In January, two men were arrested in a sting operation by U.S. and Nicaraguan authorities reportedly attempting to sell one of the missiles. Congressional testimony in Washington warned of al-Qaeda recruiting operatives in Latin America and a new axis of evil across the Western Hemisphere, from Venezuela, through Nicaragua to Cuba. Nicaraguan president Enrique Bolaños gave Washington assurances that destruction of the missiles would proceed.
But a bloc in the Nicaraguan legislature of members of the conservative Constitutionalist Liberal Party and the Sandinista National Liberation Front (FSLN) passed a series of measures that weakened the Bolaños administration, including a provision that requires the agreement of the Nicaraguan congress before destroying weapons.
Tomás Borge, FSLN vice-secretary, accused Washington of meddling in Nicaragua's internal affairs out of fear that the Sandinistas will win Nicaraguan presidential elections scheduled for 2006, said the Associated Press. The FSLN claimed the sting operation was orchestrated by Washington to press Managua to disarm.
Arriving in Argentina March 21 at the start of a Latin America visit, U.S. defense secretary Donald Rumsfeld said, A MANPAD is something that the handlers, the operators, can be managed by terrorists or by revolutionaries, or others…terrorists who are willing to, anxious to kill people and to threaten people, a MANPAD is a very effective weapon. In Managua that day Peter Brennan, deputy chief of the U.S. embassy there, said, These missiles are not necessary to a country that is not at war.
In July 1979 a popular uprising throughout Nicaragua led by the FSLN overthrew the U.S.-backed dictatorship of Anastasio Somoza. Failing to economically strangle the revolutionary government, in late 1981 Washington organized a counterrevolutionary army, known as contras, and began a war to overthrow the revolution. The contras were headed by former officers of Somozas military and armed and supported by the U.S. military. They were defeated after a six-year-long war.
It was during that war that the Nicaraguan government armed itself with these portable air defense systems to defend the country from airborne assaults by the Contras.

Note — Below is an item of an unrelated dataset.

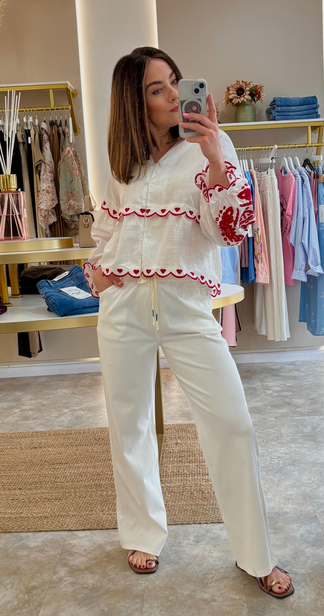 They’ve got that soft stretch denim feel, so they hold their shape but still move with you. The elasticated waistband and drawstring keep them comfortable, and the wide leg gives that relaxed, modern silhouette that just works with everything.

The FSLN leadership retreated from the anticapitalist road they began down in 1979. By 1989 the FSLN had become a bourgeois electoral machine and increasingly advocated policies that relied on market mechanisms and deepening integration of the Nicaraguan economy into the world capitalist market.

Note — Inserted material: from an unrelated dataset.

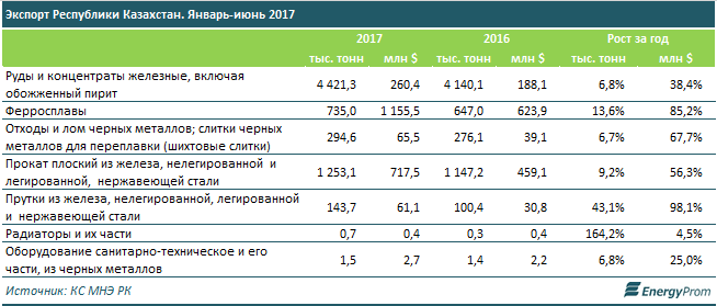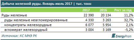 За первое полугодие 2017 из РК было экспортировано 4,42 млн тонн железных руд (+6,8% за год) на 260,4 млн долл США (+38,4% за год).

The FSLN lost the presidential election in 1990 and Washington subsequently restored diplomatic relations. Formal relations with the Nicaraguan military, in which former Sandinistas are said to still hold high positions, was not restored until two years ago, when Managua sent a small number of soldiers to join the U.S.-led war in Iraq. In a joint press conference with Bolaños last November, U.S. defense secretary Donald Rumsfeld praised the performance of Nicaraguan troops in Iraq.
This is not the way you treat friends, Nicaraguan defense minister José Adán Guera complained March 18, according to the New York Times. We have supported the United States in Iraq. We have supported them on Cafta. And this is what we get for it?
Guera was referring to the Central America Free Trade Agreement with the United States, which also includes El Salvador, Honduras, Costa Rica, Guatemala and the Dominican Republic. The trade pact opens up the economies of those countries to further penetration by U.S. finance capital.